Pi043 Antibody (catalog code CSB-PA891878XA01SXV) is a commercially available immunoglobulin developed against a specific protein target found in Schizosaccharomyces pombe strain 972/ATCC 24843, commonly known as fission yeast . This antibody is part of a broader category of research reagents designed for the study of protein expression, localization, and function in this important model organism. While extensive published research directly examining this antibody appears limited, its development follows established protocols for research-grade antibodies targeting yeast proteins.
The pi043 Antibody is cataloged with the UniProt accession number Q9UUF3, indicating it targets a specific protein within the Schizosaccharomyces pombe proteome . While the specific production methods for this particular antibody are not detailed in the available literature, research-grade antibodies are typically generated through immunization protocols in host animals or through recombinant technologies similar to those used for other monoclonal antibodies.
Although the specific immunoglobulin subclass of pi043 Antibody is not explicitly stated in the available literature, it likely belongs to one of the major immunoglobulin classes. For comparison, many research antibodies are classified as IgG subtypes, similar to other commercially available antibodies such as the Anti-PtdIns(3,4,5)P3 monoclonal antibody, which is specifically categorized as an IgG1 subclass .
The pi043 Antibody targets a protein in Schizosaccharomyces pombe identified by the UniProt accession number Q9UUF3 . This target association provides valuable context, as S. pombe is a widely used model organism in molecular and cellular biology research, particularly for studies related to cell cycle regulation, DNA damage response, and chromosome dynamics.

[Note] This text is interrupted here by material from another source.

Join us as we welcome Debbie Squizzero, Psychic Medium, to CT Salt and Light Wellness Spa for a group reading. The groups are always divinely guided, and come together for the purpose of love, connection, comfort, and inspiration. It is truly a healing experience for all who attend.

Schizosaccharomyces pombe (strain 972/ATCC 24843) serves as an important model organism in biological research . As a unicellular eukaryote with relatively simple genetic architecture but conserved cellular processes, S. pombe provides valuable insights into fundamental cellular mechanisms that are often applicable to higher organisms, including humans.
While specific applications of pi043 Antibody are not detailed in the available research literature, antibodies targeting yeast proteins typically find use in several experimental techniques:
Western blotting for protein expression analysis
Immunoprecipitation for protein-protein interaction studies
Immunofluorescence for subcellular localization studies
Chromatin immunoprecipitation for DNA-protein interaction studies
Drawing parallels with other research antibodies, such as the Purified Anti-PtdIns(3,4,5)P3 IgG, we can infer potential applications. The Anti-PtdIns(3,4,5)P3 antibody, for example, has documented applications in techniques such as ELISA, Alphascreen, Fluorescence Polarization, and Protein-Lipid Overlay assays . Similar experimental approaches might be applicable for pi043 Antibody, though specific validation would be necessary.

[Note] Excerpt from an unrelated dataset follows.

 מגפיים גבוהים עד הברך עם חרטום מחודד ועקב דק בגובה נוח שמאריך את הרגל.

The current published literature presents significant knowledge gaps regarding pi043 Antibody. Specific information about its:
Epitope specificity
Cross-reactivity profile
Validated applications
Performance metrics
Published research utilizing this antibody
All remain underdocumented in the available scientific literature, limiting our ability to provide comprehensive details about its research applications and effectiveness.
Additional research characterizing the specificity, sensitivity, and applications of pi043 Antibody would significantly enhance our understanding of this reagent's utility in S. pombe research. Validation studies demonstrating its effectiveness across various experimental techniques would be particularly valuable for researchers considering its use.
KEGG: spo:SPBC17A3.03c
STRING: 4896.SPBC17A3.03c.1
Pi043 antibody is a research-grade antibody reagent designed to recognize specific epitopes within its target protein. While specific information about pi043 antibody appears limited in current literature, it likely follows similar principles to other phosphatidylinositol 3-kinase (PI3K) pathway antibodies, such as those targeting PI3K regulatory subunits . Many PI3K-pathway antibodies are designed to bind to specific domains of proteins involved in lipid signaling pathways that facilitate essential cellular functions.
When selecting antibodies for research, always verify the following characteristics:
Target epitope specificity
Host species
Clonality (monoclonal or polyclonal)
Validated applications (WB, ICC/IF, IHC-P, etc.)
Species reactivity
Based on similar research antibodies in this field, pi043 antibody would likely be validated for several standard laboratory techniques. While specific validation data for pi043 is not extensively documented in the provided search results, phosphatidylinositol 3-kinase pathway antibodies typically undergo validation for the following applications:
| Application | Validation Method | Typical Dilution Range |
|---|---|---|
| Western Blot (WB) | Detection of specific bands at expected molecular weight | 1:500-1:2000 |
| Immunocytochemistry (ICC/IF) | Subcellular localization pattern consistent with target | 1:50-1:200 |
| Immunohistochemistry (IHC-P) | Tissue-specific staining consistent with target expression | 1:50-1:200 |
| Immunoprecipitation (IP) | Pulldown of target protein confirmed by mass spectrometry | 1:50-1:100 |
When using any antibody, including pi043, researchers should conduct preliminary validation experiments in their specific experimental systems before proceeding with full-scale investigations .
Antibody validation is critical for ensuring experimental reliability. A comprehensive validation approach for pi043 antibody should include:
Knockout/knockdown controls: Test the antibody in cells where the target protein has been genetically depleted to confirm absence of signal .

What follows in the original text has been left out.